Analyse
Matières premières : la fin de l’âge d’or ? il y a 4 ans - mardi 23 avril 2013

Mi-avril, en deux jours, l’or a perdu 13 % de sa valeur. Dans son sillage, l’argent et les autres métaux précieux ont aussi chuté.

Ce n’est pourtant pas la fin du super cycle des matières premières.
Nous restons positifs pour le pétrole. A long terme, sa demande doit grimper. Investissez-y via une
sicav, dans notre action favorite Chevron, ou l’action BP trop sanctionnée à cause du procès consécutif à la marée noire.
Le secteur des métaux non-ferreux n’est pas bon marché, mais offre des opportunités :
Rio Tinto, peu endetté et qui offre un dividende correct ou Amerigo Resources qui dispose de marges élevées dans le cuivre. Car si des hausses de production sont annoncées, les grèves à répétition ou des événements imprévisibles (intempéries…) vont maintenir les prix élevés. D’ici un an ou deux, le marché du zinc pourrait aussi se retrouver en déficit de production; achetez Nyrstar, qui vient de conclure un accord avantageux pour dénouer ses liens avec le suisse Glencore. Enfin, l’or physique reste une diversification intéressante (pièces, lingots ou trackers) et les plus audacieux peuvent tenter le pari des mines d’or.

 

La Chine décide

La Chine, devenue le plus important acheteur de minerais et de métaux industriels, a généré le boom du secteur. Quels que soient les stocks, la production ou le potentiel de chaque produit, c’est la demande chinoise qui fait le prix. Et aujourd’hui, c’est donc le ralentissement de la croissance chinoise qui inquiète. L’indice S&P GSCI (24 produits de base) a perdu plus de 2 % après l’annonce d’une croissance chinoise inférieure aux attentes. Mais, globalement, le prix des matières premières reste nettement plus élevé que lors du creux de 2009 et sans commune mesure avec la faiblesse d’avant le boom chinois.

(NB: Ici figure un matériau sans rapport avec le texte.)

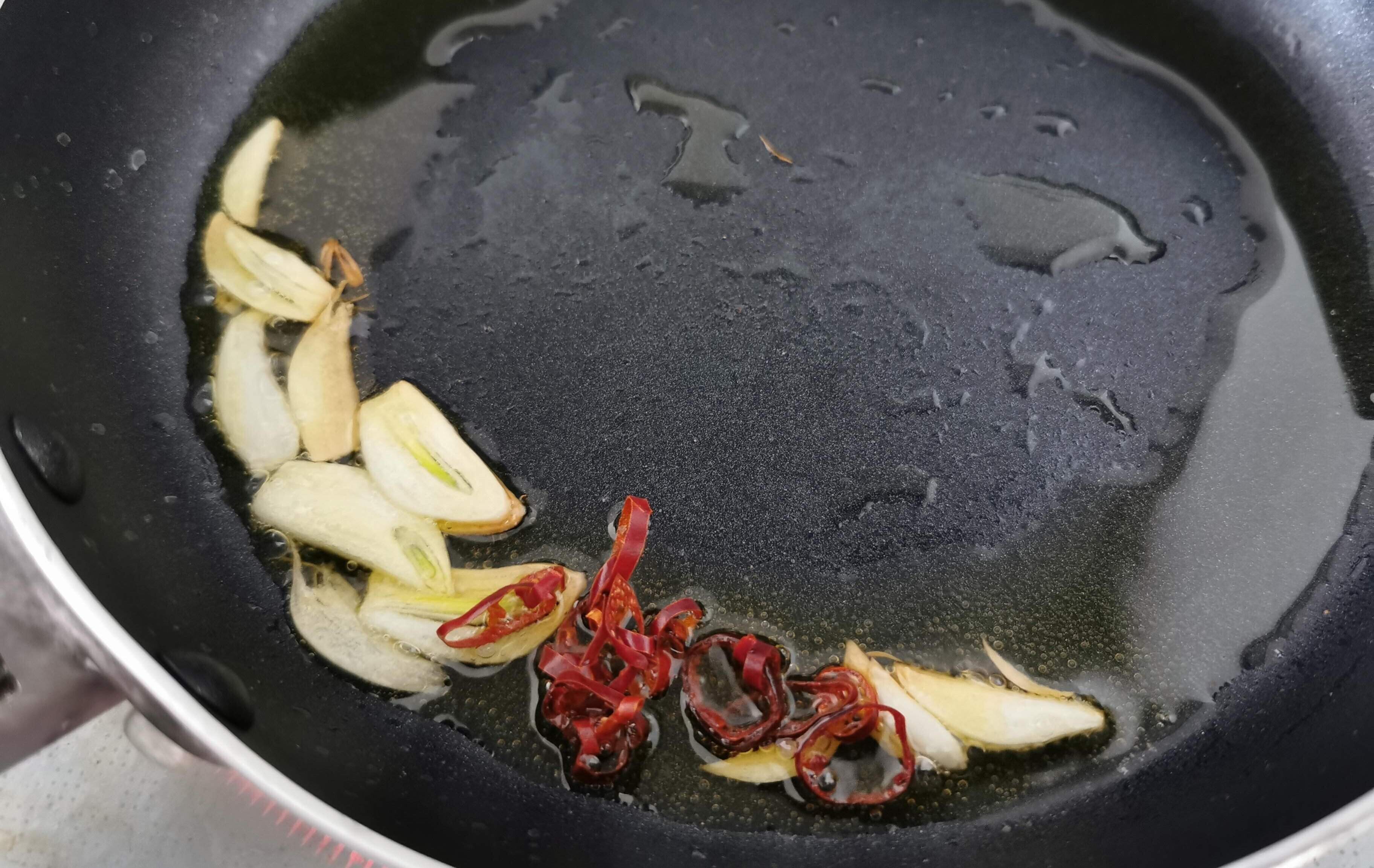 (1)にんにくを薄切りにし、フライパンにオリーブオイルと鷹の爪といっしょに入れて、
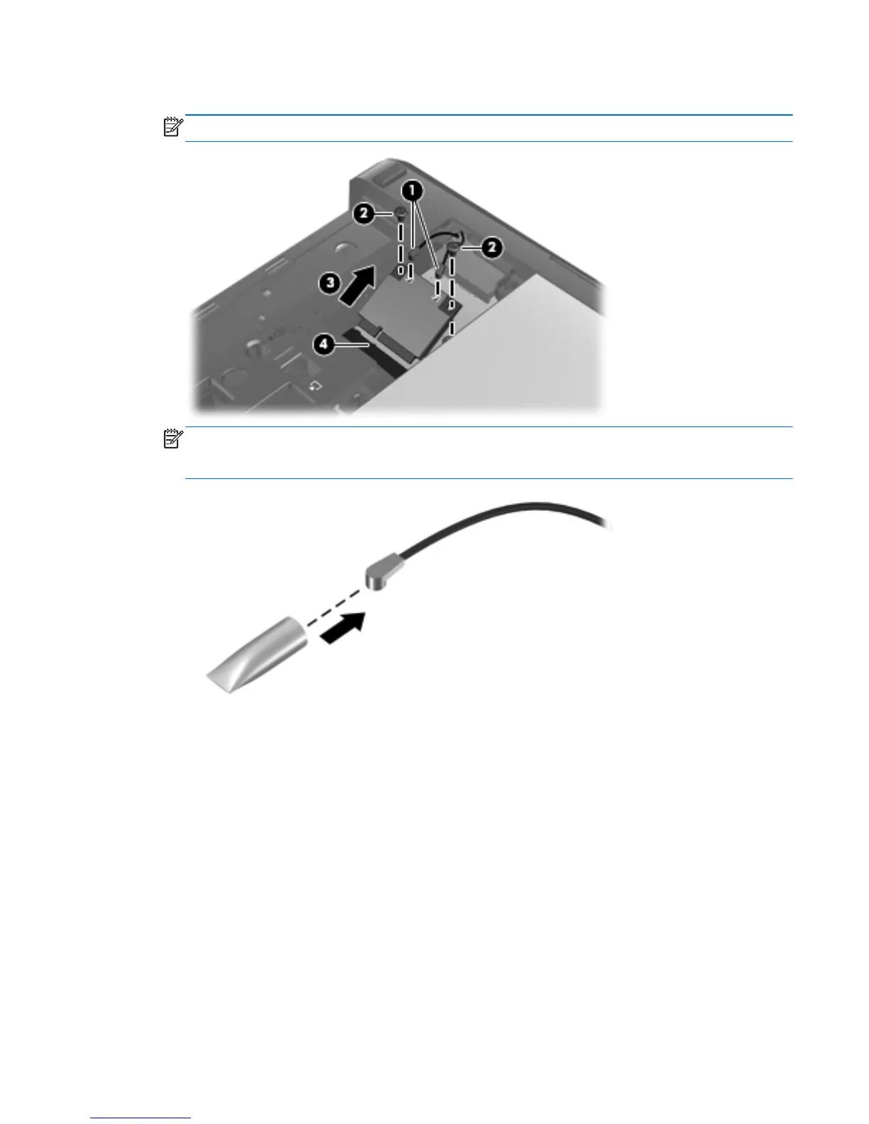 NOTE: If the WLAN antennas are not connected to the terminals on the WLAN module, the

Même si l’économie chinoise ralentit quelque peu, elle enregistre toujours une croissance de 7,7 % et continuera de progresser.

 

L’or : un cas particulier

L’or a connu mi-avril une chute spectaculaire (200 USD l’once en deux séances). En cause : les rumeurs de ventes par des banques centrales, la perspective d’un revirement de la politique monétaire américaine, la recherche de placements plus prometteurs. Placement refuge en période de turbulences et d’inflation, le métal jaune perd de son attractivité quand l’économie se redynamise et que l’inflation diminue.

 

Baisses exagérées

Nous ne croyons pas à un effondrement de la demande de matières premières et maintenons nos prévisions, déjà prudentes. Les récentes baisses s’apparentent à des mouvements de panique et sont exagérées. Mais nous évitons tout de même toute une série d’actifs (matières agricoles, aluminium,…) vu les risques élevés de voir reculer les prix (sous l’impact de facteurs climatiques, de possibilités de substitution…).